Il sindacati esprimono una valutazione positiva dopo la manifestazione. La cooperativa ha sospeso le procedure di mobilità già avviate per 44 lavoratori
Cgil Fp, Cisl Fp e Uil Fpl esprimono una valutazione positiva sull’esito della manifestazione dei lavoratori della TESEOS e sulle conclusioni del tavolo di confronto attivato in Prefettura. Il Prefetto Francesco Alecci si è impegnato, dopo quanto rappresentato dalle parti presenti, Cgil Fp, Cisl Fp e Uil Fpl, una delegazione di lavoratori, i rappresentanti della Cooperativa, la direzione amministrativa dell’Ausl 5 e la presidenza della Società Servizi Riabilitativi, a chiedere all’assessore regionale alla Sanità un tavolo di confronto.
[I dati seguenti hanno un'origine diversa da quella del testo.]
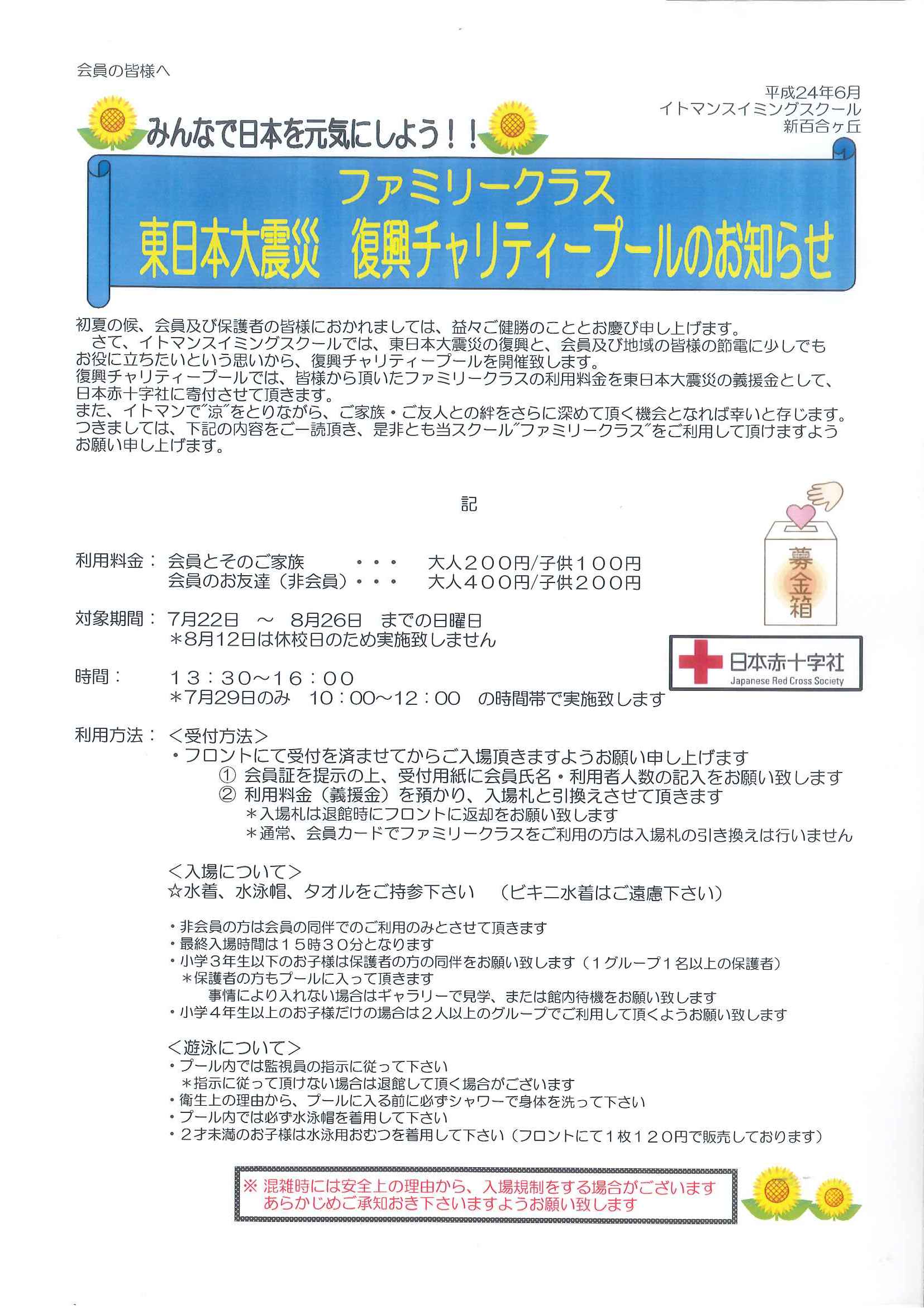 ★ファミリークラス『東日本大震災 復興チャリティープール』好評開催中!★

“Va definita – sostengono Isella Calì e Giuseppe Saija della Cgil, Rosario La Rosa e Salvatore Puleo della Cisl e Giuseppe Calapaj della Uil – la questione del mancato accreditamento della SSR presso l’assessorato regionale alla Sanità da cui dipende il futuro della società e la prosecuzione dell’erogazione dei servizi riabilitativi. Deve essere successivamente sciolto il nodo della gestione dei servizi e se questi dovranno essere ancora affidati alle cooperative o essere gestiti direttamente, in tutto o in parte dalla SSR”.
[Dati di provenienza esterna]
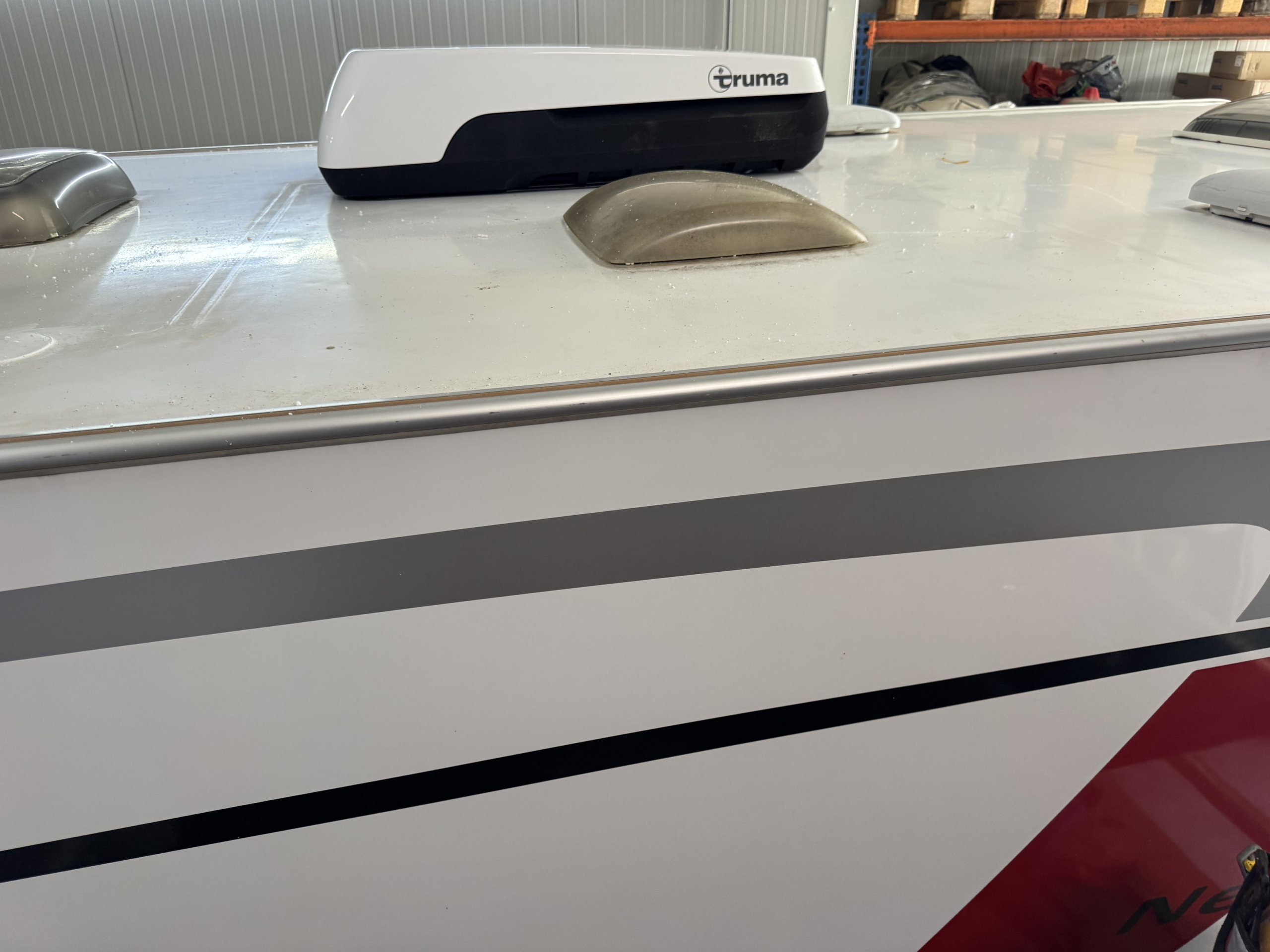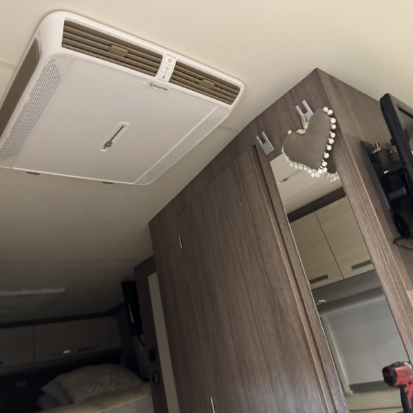 Een Truma Aventa Comfort 2G geplaatst op een Bürstner Nexxo Time T670. Nagenoeg in het midden van de camper een nieuwe opening aangebracht.

Nell’incontro in Prefettura, è stato sottolineato dai rappresentanti sindacali che per il futuro non sarà tollerato un sistema che per definizione non consente di pagare tempestivamente le retribuzioni ai lavoratori accumulando, come sta accadendo in atto alla Cooperativa TESEOS, ben quattro mesi di ritardo.
In conclusione dell’incontro, per dare maggiore peso all’iniziativa del Prefetto presso la Regione, il prefetto ha chiesto e ottenuto dalla Cooperativa TESEOS la sospensione delle procedure di mobilità già avviate per i 44 lavoratori. Sospensione che domani sarà formalizzata dalla stessa Cooperativa nell’incontro previsto presso l’Ufficio Provinciale del lavoro.
E sempre davanti alla prefettura, nel pomeriggio, una delegazione della Flc Cgil ha manifestato in difesa dello studio e della scuola pubblica: “Attivarsi ora per sollecitare il ministero a modificare la tabella dei tagli – afferma la segretaria del sindacato Grazia Maria Pistorino – perché a settembre, alla riapertura delle scuole, quando le conseguenze saranno visibili, protestare non servirà più a nulla”.